Cat or Dog? Check to see if my Fast.ai neural network can recognise whether your picture is a Cat or Dog
Integrated the Fast.ai app from lesson2 with this hugo site
No image selected
Test your Cat or Dog image above
Go ahead and try uploading cat and dog images. You can also try any other image and see what the classifier thinks of it!
Creating this post was a two step process:
- Create an html page with numerous prompts to chatgpt
- Integrate html snippet into hugo post with the help of this article.
I’ve asked chatgpt to generate a description of the html page for the remainder of the post.
Requirements of the HTML Page
The web page serves as a user-friendly interface for cat and dog image classification, with these key requirements:
- Image Upload Capability: Users can select multiple images through a file input element.
- Image Preview: Selected images appear in a preview panel at a reasonable size (300×300 pixels).
- Image Gallery: Thumbnails of all uploaded images are displayed in a horizontally scrollable container.
- Classification Results: After processing, the page displays both the primary classification result (“It’s a cat!” or “It’s a dog!") and the confidence scores for both categories.
- Interactive Selection: Users can click on any thumbnail to make it the active image for classification.
All of these features are implemented without requiring a page reload, creating a smooth, application-like experience right in the browser.
HTML Layout Understanding
The HTML structure is organized in a clean, functional way with several key sections:
-
Style Section: Contains CSS rules for the layout, including:
- Flex-based side-by-side containers for the prediction results and image preview
- Styling for the image thumbnails and the scrollable container
- Visual indicators for the selected image (border highlighting)

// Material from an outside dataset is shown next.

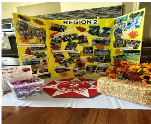
The Region 2 table at the International.

- Responsive design elements to ensure proper display across devices
-
Input Element: A simple file input control that accepts image files with the
multipleattribute enabled to allow batch uploads. -
Content Containers:
- The
side-by-sidediv creates a two-column layout containing:resultContainerfor displaying classification resultspreviewContainerfor showing the selected image at a larger size
imageContainerprovides a horizontally scrollable gallery of all uploaded images
- The
The layout elegantly balances functionality with visual appeal, providing clear separation between the main preview image, classification results, and the thumbnail gallery.
JavaScript Rationale
The JavaScript code handles the application’s dynamic behavior with a thoughtful approach to user experience:
-
Gradio Client Integration:
import { Client } from "https://cdn.jsdelivr.net/npm/@gradio/client@1.6.0-beta.3/dist/index.min.js";- The page connects to a Gradio backend (specifically “atomglitch/fastailesson2”) which hosts the trained fastai model
- This allows us to leverage a pre-trained machine learning model without needing complex backend infrastructure
-
Event-Driven Handling:
- The code uses event listeners to respond to user actions like file selection and thumbnail clicks
- This creates a responsive, app-like feeling in a simple webpage
-
Duplicate Prevention:
- A
Setdata structure (selectedFiles) tracks unique file data URLs - This prevents the same image from being added to the gallery multiple times
- A
-
Preview Management:
- The
setPreviewImage()function handles both updating the preview and triggering the classification - Visual feedback includes highlighting the selected thumbnail and displaying “Processing…” during classification
- The
-
Classification Process:
- When a new image is selected, the code:
- Converts the image to a blob format
- Sends it to the Gradio backend for prediction
- Parses and displays the results, showing both the main prediction and confidence scores
- Handles errors gracefully with console logging
- When a new image is selected, the code:
This implementation strikes an excellent balance between simplicity and functionality. It demonstrates how powerful machine learning capabilities can be integrated into web applications including this blog with relatively little code, creating an intuitive interface for end users to interact with a sophisticated image classification model.